### Task input
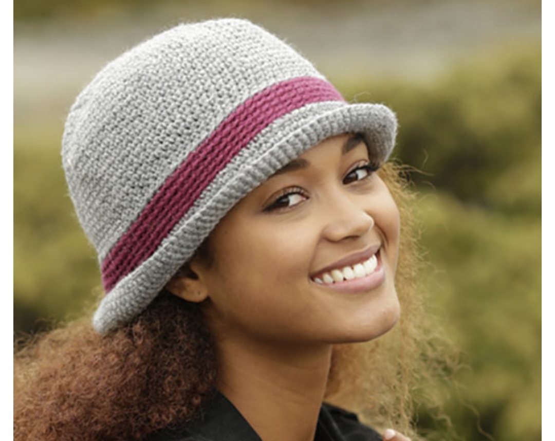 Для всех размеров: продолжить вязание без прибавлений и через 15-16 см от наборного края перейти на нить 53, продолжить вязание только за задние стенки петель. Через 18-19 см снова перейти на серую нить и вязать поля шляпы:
...
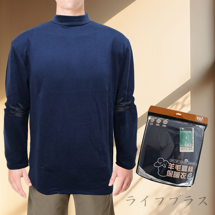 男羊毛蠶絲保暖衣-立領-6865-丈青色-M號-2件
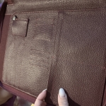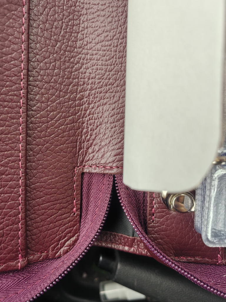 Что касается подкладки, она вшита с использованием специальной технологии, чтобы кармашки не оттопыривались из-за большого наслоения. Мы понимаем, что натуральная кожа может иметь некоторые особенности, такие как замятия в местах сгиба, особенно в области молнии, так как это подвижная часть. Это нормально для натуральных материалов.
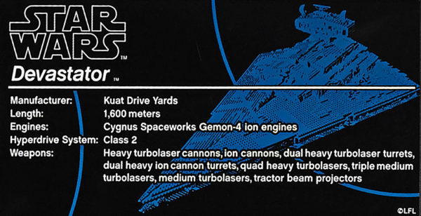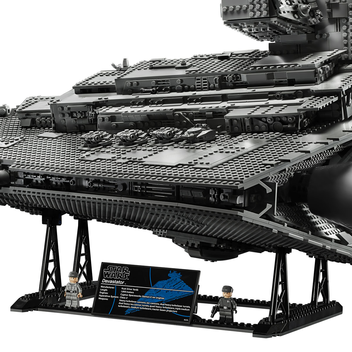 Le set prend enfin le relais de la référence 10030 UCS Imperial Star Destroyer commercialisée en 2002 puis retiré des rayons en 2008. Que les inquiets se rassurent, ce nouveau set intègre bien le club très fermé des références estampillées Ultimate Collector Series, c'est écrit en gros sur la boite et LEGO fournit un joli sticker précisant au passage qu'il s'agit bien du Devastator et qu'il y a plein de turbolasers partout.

### Goal of the exercise
Going back to the data above, write out everything from the line with "Что касается подкладки, она" down to the line with "Le set prend", both included, leaving every picture out.

### Result
 Что касается подкладки, она вшита с использованием специальной технологии, чтобы кармашки не оттопыривались из-за большого наслоения. Мы понимаем, что натуральная кожа может иметь некоторые особенности, такие как замятия в местах сгиба, особенно в области молнии, так как это подвижная часть. Это нормально для натуральных материалов.
 Le set prend enfin le relais de la référence 10030 UCS Imperial Star Destroyer commercialisée en 2002 puis retiré des rayons en 2008. Que les inquiets se rassurent, ce nouveau set intègre bien le club très fermé des références estampillées Ultimate Collector Series, c'est écrit en gros sur la boite et LEGO fournit un joli sticker précisant au passage qu'il s'agit bien du Devastator et qu'il y a plein de turbolasers partout.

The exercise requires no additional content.